1. Roast Beef Vagina
A term often used amongst cullinary circles, a roast beef vagina consists of taking the following ingredients:
1 Wide-Set Vagina
2 lb. of roast beef or in this case eye of round
1/2 cup of mashed potatoes & corn
A pinch of camel toe
And one large helping of Mama’s Homestyle Erotic Gravy
Insert the ingridents into your Trenton Trashbag then mix well.
What can i say about Sammi Giancolon’s thanksgiving spread that hasn’t already been said about Old Country Buffett? NOBODY EAT THE ROAST BEEF! THE ROAST BEEF HAS GONE BAD!!! So to spice things up a bit and help freshen up Jersey Shore’s self proclaimed “Sweetest bitch you’ll ever meet” I’ve taken the liberty of researching how to properly prepare a delectable RBG or a Roast Beef Giner for those unfamiliar with the condition. Pass the horseradish yawl.

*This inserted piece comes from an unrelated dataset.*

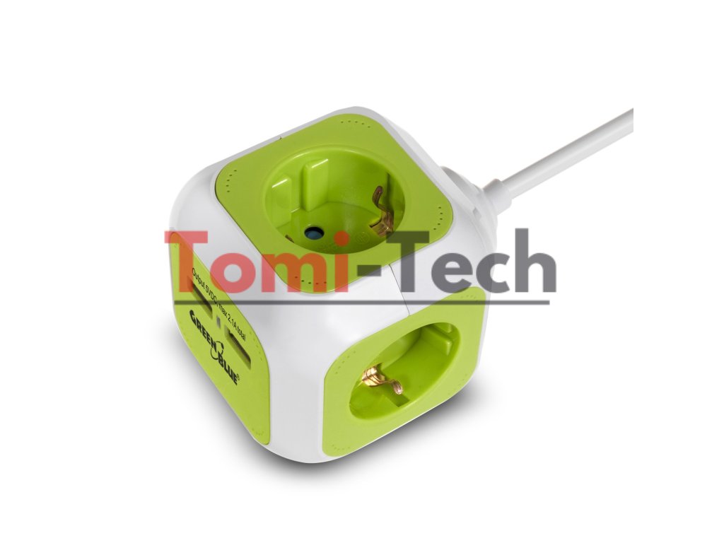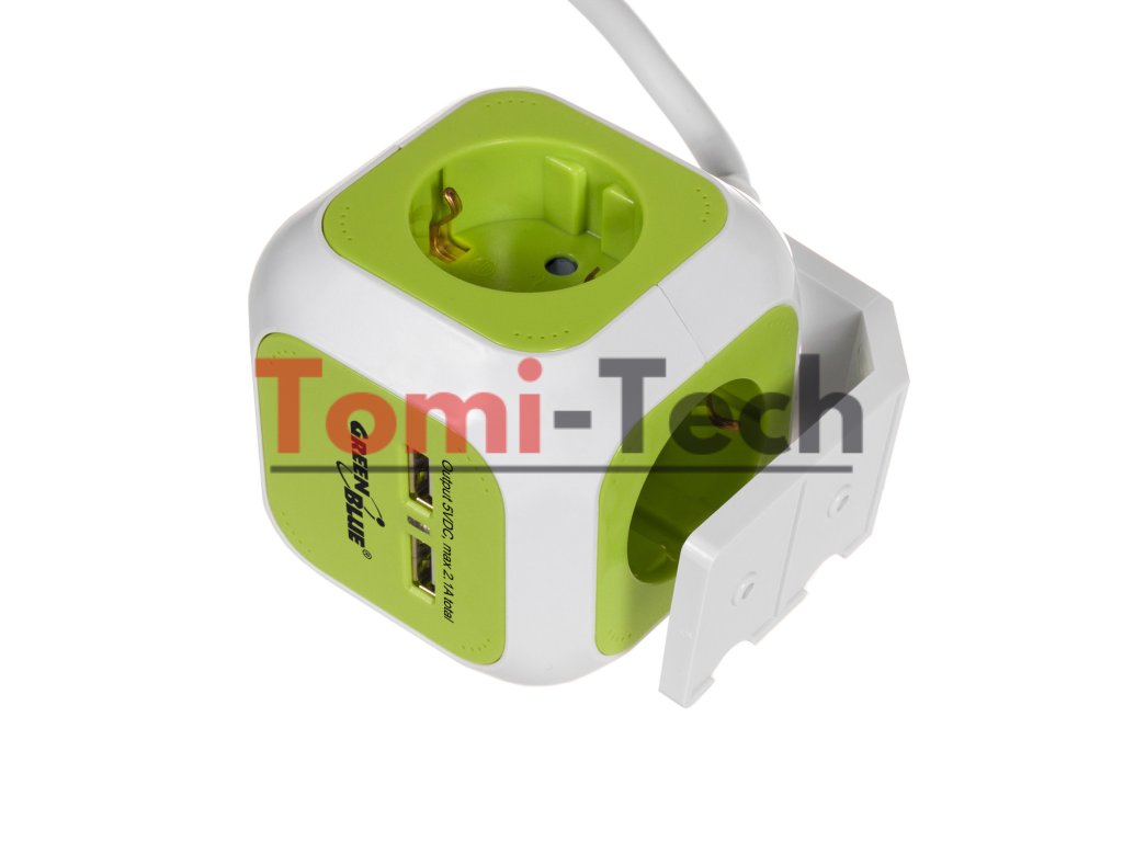 Štvornásobná zásuvka MagicCube, 2 USB porty 1,4 m zelená modrá GB118G nemecká verzia

If the the recipe wasn’t enough for you greedy bastards, HOR has basically placed you in the delivery room of the god among man’s birth, Mr. Reed Rothchild himself. I don’t want to get bossy, but it happens after a few glasses of vino, but if I were you, I would fire up that HP Deskjet and print a couple of wallet sized copies of this bad boy because births this beautiful don’t happen everyday and they most certainly don’t get captured on film.